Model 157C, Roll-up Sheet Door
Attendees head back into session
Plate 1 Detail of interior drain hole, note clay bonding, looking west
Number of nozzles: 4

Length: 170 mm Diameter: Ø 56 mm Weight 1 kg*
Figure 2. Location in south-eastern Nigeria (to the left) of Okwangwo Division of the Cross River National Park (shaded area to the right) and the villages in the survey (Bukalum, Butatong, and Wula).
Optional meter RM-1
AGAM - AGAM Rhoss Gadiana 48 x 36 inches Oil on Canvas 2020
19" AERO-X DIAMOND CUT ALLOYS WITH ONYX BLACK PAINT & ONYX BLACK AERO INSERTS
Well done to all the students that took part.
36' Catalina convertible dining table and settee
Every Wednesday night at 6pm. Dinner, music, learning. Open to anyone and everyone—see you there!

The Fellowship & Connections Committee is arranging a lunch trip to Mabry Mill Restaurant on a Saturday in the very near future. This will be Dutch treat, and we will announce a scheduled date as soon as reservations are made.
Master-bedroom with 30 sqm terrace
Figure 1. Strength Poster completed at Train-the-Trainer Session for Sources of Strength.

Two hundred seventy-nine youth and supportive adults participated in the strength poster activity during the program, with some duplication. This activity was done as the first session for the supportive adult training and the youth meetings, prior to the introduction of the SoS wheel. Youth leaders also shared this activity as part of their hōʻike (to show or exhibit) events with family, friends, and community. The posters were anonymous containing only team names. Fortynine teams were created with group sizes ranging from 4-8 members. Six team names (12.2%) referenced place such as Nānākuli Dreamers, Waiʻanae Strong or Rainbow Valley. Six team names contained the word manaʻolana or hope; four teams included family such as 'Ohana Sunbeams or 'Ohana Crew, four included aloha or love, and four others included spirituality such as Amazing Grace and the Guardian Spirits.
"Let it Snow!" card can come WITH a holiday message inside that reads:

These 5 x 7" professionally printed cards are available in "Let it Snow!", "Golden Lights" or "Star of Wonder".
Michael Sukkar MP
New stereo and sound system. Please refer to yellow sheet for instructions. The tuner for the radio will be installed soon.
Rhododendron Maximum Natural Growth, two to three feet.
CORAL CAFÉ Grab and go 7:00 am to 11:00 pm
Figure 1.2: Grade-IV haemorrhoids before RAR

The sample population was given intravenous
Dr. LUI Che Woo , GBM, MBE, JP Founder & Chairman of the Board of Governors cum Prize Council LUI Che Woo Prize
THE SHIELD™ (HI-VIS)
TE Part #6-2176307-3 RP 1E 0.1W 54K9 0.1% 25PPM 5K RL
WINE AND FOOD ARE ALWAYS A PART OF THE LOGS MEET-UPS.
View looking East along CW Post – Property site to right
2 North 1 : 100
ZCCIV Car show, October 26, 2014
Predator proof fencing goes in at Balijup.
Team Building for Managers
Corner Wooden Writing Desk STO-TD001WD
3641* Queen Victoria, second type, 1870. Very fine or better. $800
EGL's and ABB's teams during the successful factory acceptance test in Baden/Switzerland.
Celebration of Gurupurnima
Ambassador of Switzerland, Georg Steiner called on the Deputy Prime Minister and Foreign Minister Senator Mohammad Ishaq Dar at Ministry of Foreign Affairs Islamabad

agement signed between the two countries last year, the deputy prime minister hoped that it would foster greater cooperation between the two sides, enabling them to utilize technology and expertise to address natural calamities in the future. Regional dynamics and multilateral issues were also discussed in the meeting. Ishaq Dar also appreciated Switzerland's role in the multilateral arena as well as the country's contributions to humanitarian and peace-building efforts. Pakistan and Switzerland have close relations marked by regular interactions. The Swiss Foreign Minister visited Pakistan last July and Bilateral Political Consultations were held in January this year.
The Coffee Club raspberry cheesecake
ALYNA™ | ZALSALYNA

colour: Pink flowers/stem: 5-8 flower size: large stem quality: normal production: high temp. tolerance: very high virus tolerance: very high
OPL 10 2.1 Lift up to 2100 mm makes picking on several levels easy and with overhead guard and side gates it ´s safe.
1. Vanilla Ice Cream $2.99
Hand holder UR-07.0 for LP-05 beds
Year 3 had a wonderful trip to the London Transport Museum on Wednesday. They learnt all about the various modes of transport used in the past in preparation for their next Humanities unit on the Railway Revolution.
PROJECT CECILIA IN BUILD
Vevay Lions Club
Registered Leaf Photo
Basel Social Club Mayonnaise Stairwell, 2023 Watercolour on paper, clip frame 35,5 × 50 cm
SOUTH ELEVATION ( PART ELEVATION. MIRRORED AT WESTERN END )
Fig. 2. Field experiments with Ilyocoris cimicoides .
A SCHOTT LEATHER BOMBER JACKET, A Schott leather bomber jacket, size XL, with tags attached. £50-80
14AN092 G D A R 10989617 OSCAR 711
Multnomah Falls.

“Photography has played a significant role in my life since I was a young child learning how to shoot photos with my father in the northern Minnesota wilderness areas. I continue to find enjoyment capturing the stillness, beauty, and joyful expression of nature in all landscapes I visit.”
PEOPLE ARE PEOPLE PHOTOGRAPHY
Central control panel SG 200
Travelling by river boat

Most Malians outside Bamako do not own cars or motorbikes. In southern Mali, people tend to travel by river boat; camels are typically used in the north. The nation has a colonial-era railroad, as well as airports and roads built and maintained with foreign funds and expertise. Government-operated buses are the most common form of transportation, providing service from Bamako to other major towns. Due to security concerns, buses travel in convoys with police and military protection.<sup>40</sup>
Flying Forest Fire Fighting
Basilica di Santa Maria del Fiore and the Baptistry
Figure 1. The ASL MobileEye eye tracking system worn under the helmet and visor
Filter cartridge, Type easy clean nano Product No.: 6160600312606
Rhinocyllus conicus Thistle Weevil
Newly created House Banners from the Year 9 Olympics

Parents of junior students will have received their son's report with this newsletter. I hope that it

TASK TO COMPLETE> Would you please write out, exactly and with no other lines, the stretch of the listing above from the line containing "Basilica di Santa" through the line containing "Newly created House"?

EXERCISE OUTPUT>
Basilica di Santa Maria del Fiore and the Baptistry
Figure 1. The ASL MobileEye eye tracking system worn under the helmet and visor
Filter cartridge, Type easy clean nano Product No.: 6160600312606
Rhinocyllus conicus Thistle Weevil
Newly created House Banners from the Year 9 Olympics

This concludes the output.